I’m writing a program that wraps around dd to try and warn you if you are doing anything stupid. I have thus been giving the man page a good read. While doing this, I noticed that dd supported all the way up to Quettabytes, a unit orders of magnitude larger than all the data on the entire internet.
This has caused me to wonder what the largest storage operation you guys have done. I’ve taken a couple images of hard drives that were a single terabyte large, but I was wondering if the sysadmins among you have had to do something with e.g a giant RAID 10 array.
I’m currently backing up my /dev folder to my unlimited cloud storage. The backup of the file
/dev/random
is running since two weeks.That’s silly. You should compress it before uploading.
No wonder. That file is super slow to transfer for some reason. but wait till you get to /dev/urandom. That file hat TBs to transfer at whatever pipe you can throw at it…
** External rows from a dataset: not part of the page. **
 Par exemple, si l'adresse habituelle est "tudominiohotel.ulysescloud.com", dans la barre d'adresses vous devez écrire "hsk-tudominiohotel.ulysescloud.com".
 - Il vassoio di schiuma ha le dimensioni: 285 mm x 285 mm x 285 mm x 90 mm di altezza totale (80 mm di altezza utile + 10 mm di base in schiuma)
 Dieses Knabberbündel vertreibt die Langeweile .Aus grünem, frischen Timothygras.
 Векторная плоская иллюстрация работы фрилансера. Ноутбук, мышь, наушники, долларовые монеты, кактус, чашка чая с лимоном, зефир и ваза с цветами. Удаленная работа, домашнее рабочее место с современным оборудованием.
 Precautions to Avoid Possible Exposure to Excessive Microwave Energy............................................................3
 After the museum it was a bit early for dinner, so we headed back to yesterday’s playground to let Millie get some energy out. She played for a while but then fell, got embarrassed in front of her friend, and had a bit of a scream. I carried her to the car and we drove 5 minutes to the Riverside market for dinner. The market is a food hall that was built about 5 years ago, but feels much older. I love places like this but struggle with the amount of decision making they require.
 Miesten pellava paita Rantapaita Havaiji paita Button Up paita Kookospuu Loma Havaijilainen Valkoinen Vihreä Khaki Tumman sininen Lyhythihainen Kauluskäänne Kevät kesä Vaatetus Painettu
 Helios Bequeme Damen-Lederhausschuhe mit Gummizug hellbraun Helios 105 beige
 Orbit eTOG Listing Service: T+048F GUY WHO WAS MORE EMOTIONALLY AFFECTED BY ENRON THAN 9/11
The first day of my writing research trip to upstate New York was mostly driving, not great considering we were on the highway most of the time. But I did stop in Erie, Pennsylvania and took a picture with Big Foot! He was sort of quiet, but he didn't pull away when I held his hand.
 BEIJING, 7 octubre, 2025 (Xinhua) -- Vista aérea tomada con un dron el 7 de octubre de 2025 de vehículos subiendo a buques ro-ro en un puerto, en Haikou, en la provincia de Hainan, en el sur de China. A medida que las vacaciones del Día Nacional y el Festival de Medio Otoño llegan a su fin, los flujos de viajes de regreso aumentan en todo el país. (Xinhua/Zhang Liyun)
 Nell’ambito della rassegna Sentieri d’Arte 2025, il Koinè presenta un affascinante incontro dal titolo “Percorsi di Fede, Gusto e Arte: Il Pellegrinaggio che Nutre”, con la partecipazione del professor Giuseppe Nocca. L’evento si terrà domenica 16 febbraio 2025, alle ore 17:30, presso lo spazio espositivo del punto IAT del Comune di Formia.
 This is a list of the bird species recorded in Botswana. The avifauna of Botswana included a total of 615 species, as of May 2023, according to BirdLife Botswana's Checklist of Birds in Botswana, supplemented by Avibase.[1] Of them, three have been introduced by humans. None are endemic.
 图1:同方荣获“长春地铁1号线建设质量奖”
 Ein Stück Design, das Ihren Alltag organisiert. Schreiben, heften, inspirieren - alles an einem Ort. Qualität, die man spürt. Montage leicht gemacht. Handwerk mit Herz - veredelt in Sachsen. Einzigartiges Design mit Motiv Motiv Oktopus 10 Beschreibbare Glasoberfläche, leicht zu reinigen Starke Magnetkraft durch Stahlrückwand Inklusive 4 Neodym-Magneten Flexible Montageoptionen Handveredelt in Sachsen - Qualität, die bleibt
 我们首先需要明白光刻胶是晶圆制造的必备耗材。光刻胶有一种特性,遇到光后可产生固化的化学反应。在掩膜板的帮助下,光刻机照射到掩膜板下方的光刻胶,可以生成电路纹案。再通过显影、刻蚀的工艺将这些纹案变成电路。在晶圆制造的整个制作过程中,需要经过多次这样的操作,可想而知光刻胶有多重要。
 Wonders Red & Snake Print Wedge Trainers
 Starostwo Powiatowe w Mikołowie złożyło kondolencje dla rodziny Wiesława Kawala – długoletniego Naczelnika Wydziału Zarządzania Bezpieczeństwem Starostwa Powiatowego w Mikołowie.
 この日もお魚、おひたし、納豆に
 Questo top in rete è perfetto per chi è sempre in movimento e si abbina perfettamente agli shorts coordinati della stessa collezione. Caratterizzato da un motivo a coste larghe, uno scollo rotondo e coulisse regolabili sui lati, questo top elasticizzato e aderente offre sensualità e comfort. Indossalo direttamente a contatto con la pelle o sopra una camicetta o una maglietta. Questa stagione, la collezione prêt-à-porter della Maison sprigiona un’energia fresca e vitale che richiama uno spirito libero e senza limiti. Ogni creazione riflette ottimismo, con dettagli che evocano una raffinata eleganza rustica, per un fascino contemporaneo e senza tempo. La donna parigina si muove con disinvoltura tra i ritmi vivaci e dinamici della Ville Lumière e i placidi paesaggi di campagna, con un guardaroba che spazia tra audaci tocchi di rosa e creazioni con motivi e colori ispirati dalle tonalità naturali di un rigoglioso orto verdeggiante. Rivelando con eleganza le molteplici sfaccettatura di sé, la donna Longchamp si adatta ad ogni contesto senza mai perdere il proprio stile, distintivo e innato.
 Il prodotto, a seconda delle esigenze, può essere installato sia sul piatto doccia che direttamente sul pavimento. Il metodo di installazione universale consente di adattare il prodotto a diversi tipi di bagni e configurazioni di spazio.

Cool, so I learned something new today. Don’t run
cat /dev/random
Why not try /dev/urandom?
😹
Ya know, if not for the other person’s comment, I might have been gullible enough to try this…
I’m guessing this is a joke, right?
/dev/random and other “files” in /dev are not really files, they are interfaces which van be used to interact with virtual or hardware devices. /dev/random spits out cryptographically secure random data. Another example is /dev/zero, which spits out only zero bytes.
Both are infinite.
Not all “files” in /dev are infinite, for example hard drives can (depending on which technology they use) be accessed under /dev/sda /dev/sdb and so on.
I’m aware of that. I was quite sure the author was joking, with the slightest bit of concern of them actually making the mistake.